This project analyzes a dataset containing 50,000 BMW car sales records from the years 2010 to 2024. The goal is to:
Preprocess and understand the dataset
Perform descriptive statistical analysis
Visualize sales trends and behavioral patterns
Build predictive models using
Linear Regression (predicting Price)
K-Nearest Neighbors (KNN) (predicting Sales Classification)
This project was written to follow the structure of the RPubs reference project.
readr → Reads CSV files efficiently
dplyr → Used for data manipulation (filter, group_by, mutate)
ggplot2 → Used for creating visualizations
tidyr → Helps in reshaping messy data
caret → Builds machine learning models (regression, KNN)
cluster → (Optional) used for clustering tasks
library(readr)
data <- read_csv("C:/Users/Sakshi/Downloads/BMW sales data (2010-2024) (1) (1).csv")
## Rows: 50000 Columns: 11
## ── Column specification ────────────────────────────────────────────────────────
## Delimiter: ","
## chr (6): Model, Region, Color, Fuel_Type, Transmission, Sales_Classification
## dbl (5): Year, Engine_Size_L, Mileage_KM, Price_USD, Sales_Volume
##
## ℹ Use `spec()` to retrieve the full column specification for this data.

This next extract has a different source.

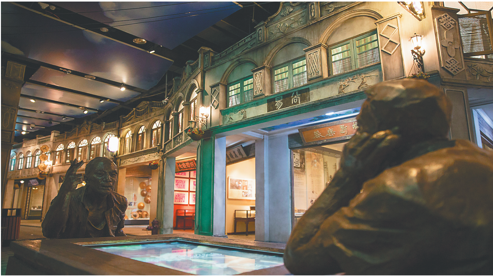
《琼工坊——海南传统手工艺陈列》展厅。

2008年11月15日海南省博物馆一期建成开馆，2012年底省博二期作为海南省“十二五”规划的重大文化项目之一开建，于2017年5月18日正式开馆，2018年2月8日一期提升改造完成并开放，至此，海南省博物馆以崭新面貌迎来全面开馆。现馆区总面积达44500平方米，展厅面积约12000平方米，地下库区约9300平方米，馆藏文物约25000件(套)。
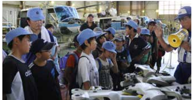
【科学体験バスツアー】

宇都宮市内の小学校に従業員が出向き、地球温暖化の仕組みについて説明や実験を実施、環境問題への理解を深めてもらう活動を行っています。主に小学校5年生を対象に、2006年度から開始し、2012年度は48クラス(1,483名)を実施しました。(累計で220クラス、7,031名)

## ℹ Specify the column types or set `show_col_types = FALSE` to quiet this message.
head(data)
## # A tibble: 6 × 11
## Model Year Region Color Fuel_Type Transmission Engine_Size_L Mileage_KM
## <chr> <dbl> <chr> <chr> <chr> <chr> <dbl> <dbl>
## 1 5 Series 2016 Asia Red Petrol Manual 3.5 151748
## 2 i8 2013 North Am… Red Hybrid Automatic 1.6 121671
## 3 5 Series 2022 North Am… Blue Petrol Automatic 4.5 10991
## 4 X3 2024 Middle E… Blue Petrol Automatic 1.7 27255
## 5 7 Series 2020 South Am… Black Diesel Manual 2.1 122131
## 6 5 Series 2017 Middle E… Silv… Diesel Manual 1.9 171362
## # ℹ 3 more variables: Price_USD <dbl>, Sales_Volume <dbl>,
## # Sales_Classification <chr>
Reads the BMW sales CSV file from your local computer.

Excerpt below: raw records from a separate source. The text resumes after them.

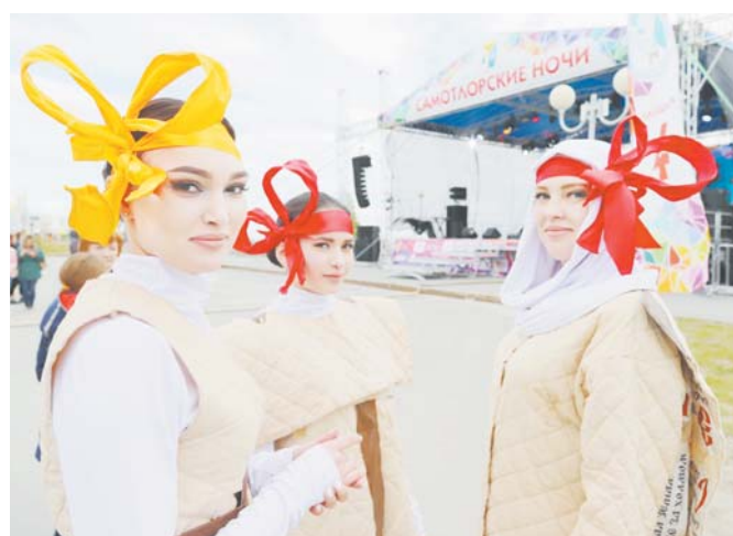
Каждый желающий мог ознакомиться с работами нижевартовских дизайнеров.
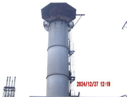
รูปที่ 2-1 ปล่องระบายอากาศเสียสูง 30 เมตร
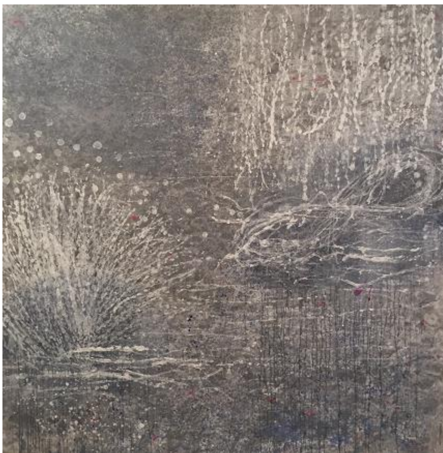
Silvana Solivella, Sans titre , technique mixte sur toile, 200 x 200 cm, 2017

Automatically detects column types (character/numeric).
library(dplyr)
## Warning: package 'dplyr' was built under R version 4.4.3
##
## Attaching package: 'dplyr'
## The following objects are masked from 'package:stats':
##
## filter, lag
## The following objects are masked from 'package:base':
##
## intersect, setdiff, setequal, union
library(tidyverse)
## Warning: package 'tidyverse' was built under R version 4.4.3
## Warning: package 'tidyr' was built under R version 4.4.3
## Warning: package 'lubridate' was built under R version 4.4.3
## ── Attaching core tidyverse packages ──────────────────────── tidyverse 2.0.0 ──
## ✔ forcats 1.0.0 ✔ stringr 1.5.1
## ✔ ggplot2 3.5.1 ✔ tibble 3.2.1
## ✔ lubridate 1.9.4 ✔ tidyr 1.3.1
## ✔ purrr 1.0.4
## ── Conflicts ────────────────────────────────────────── tidyverse_conflicts() ──
## ✖ dplyr::filter() masks stats::filter()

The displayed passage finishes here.